Under a solar light on the back porch of his mother’s canteen sits 10-year-old Ashley Alevia, doing his homework.
It’s eight in the evening and his father Terry, a school teacher sits next to him grading student papers. They live in Dunde Village, a community in Munda, Solomon Islands.
Terry and Ashley Veo, sit under a solar light going over school lessons. © 2018 PFIP Erica Lee
The community is quiet tonight, only a handful of homes are dimly lit by kerosene lanterns, but most of the community is in darkness with families already tucked away in bed. This used to be the same reality for Ashley and Terry prior to 2016 when they too did not have solar lighting.
Outside of Honiara (the capital of Solomon Islands), live 90 percent of the population, and only about six percent of households are connected to the national electricity grid. Most families throughout the country are without access to safe, affordable and reliable electricity and rely on costly sources of energy and lighting such as kerosene lamps or battery-operated lanterns. For a low-income earning family this expense can consume a substantial portion of their income, making solar energy a practical and cost-efficient alternative solution for Solomon Islanders.
South Pacific Business Development (SPBD), a microfinance company, is providing a solution that has allowed financially excluded rural women to access formal financial services and solar energy. In May 2015, SPBD introduced a Solar Energy Loan program to provide more accessible and cost-efficient energy to their clients. SPBD partnered with Honiara Hardware Supplies Ltd. to facilitate clients’ access to high-quality, affordable solar appliances (solar-powered lanterns, off-grid solar generators, etc.) through discounted product rates and a comprehensive loan disbursement plan. This loan of SBD $1,650 (USD $212.12) funds the purchase of a funds solar kit containing a solar panel, three light bulbs with 8 metres of cord, a torch and a USB charging port. A fully charged solar panel can light up a home for up to 15 hours, depending on the brightness settings used.
Vicky Veo, the matriarch of her family, is the reason why her household now enjoys the benefits of solar energy. She got a solar energy loan from SPBD in 2016, and this has had a big impact on her small family.
Vicky is now earning bigger profits from the longer hours she is able to operate thanks to the solar lighting. This has also given her a competitive edge over competing canteens in her community, who must close once evening falls.
She started the canteen in 2016 through another microfinance loan also from SPBD and has since grown the number of products she sells.
“My canteen has given me financial freedom and I am happy that I do not have to rely on my husband for income,” she said when asked about the benefits of taking out a loan from SPBD.
Though Vicky has had a bank account with a major bank for many years, she says that she would not have qualified for a loan from the same bank even though she has been saving for some time. Vicky says she is grateful to SPBD for giving her an opportunity to start a business that has led to her financial independence.
Vicky says that the solar energy loan also allows her to save more money now that she no longer has to rely on kerosene lamps, which used to cost her at least SBD $60 (USD $7.73) a week. This also means that she can put those savings towards repaying her solar energy loan.

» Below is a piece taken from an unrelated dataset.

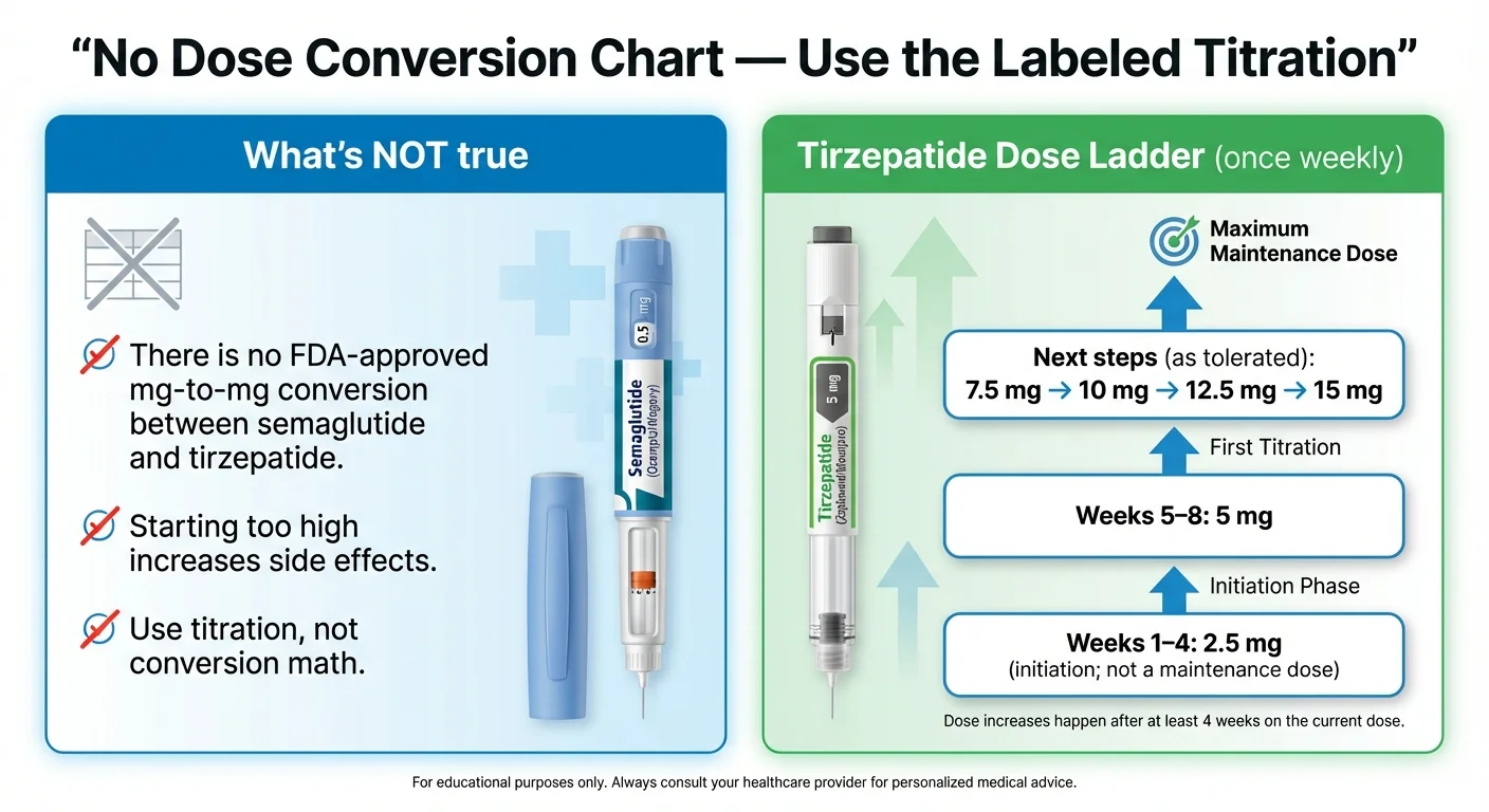 There is no FDA-approved dose conversion between semaglutide and tirzepatide. They work through different mechanisms, and starting at too high a dose is the number-one reason people feel terrible after switching. We'll show you exactly why — and what to do instead.

Vicky Veo, took out a solar energy loan from SPBD in 2017.
© 2018 PFIP Erica Lee
The family of three are a great example of the benefits that solar energy loans are bringing to rural communities in the Solomon Islands. Children, like Ashley, can now study for longer hours and their parents can work extra hours to help them earn more income to improve their standard of living.
Between June 2016 and December 2017, 822 families like Vicky’s have benefited from solar energy loans, thanks to a grant provided by the Pacific Financial Inclusion Programme (PFIP) to SPBD. The grant enabled SPBD to expand the solar kits to many more rural households in Guadalcanal and the Western province.
Though the project proved successful, it only achieved 61% of its expected targets due to an influx of cheaper, sub-standard solar products and community development projects funded by politicians, which hindered the full implementation and uptake of the product.
SPBD is a private incorporated microfinance company that began operations in the Solomon Islands in 2014. The microfinance company helps rural women entrepreneurs to start or grow small businesses and offers micro savings, business development advice, and extensive financial literacy training integrated into its microfinance program. Their field officers travel to the villages of their clients every week to enable regular convenient, affordable loan repayments and savings to empower rural women to improve their livelihoods and quality of life.
PFIP is a Pacific-wide programme that has helped over 1.6 million low-income Pacific islanders gain access to financial services and financial education. It achieves these results by funding innovative approaches through financial services and delivery channels, supporting policy and regulatory initiatives, and empowering consumers.
PFIP is jointly administered by the UN Capital Development Fund (UNCDF) and the United Nations Development Programme (UNDP) and receives funding from the Governments of Australia, New Zealand and the European Union.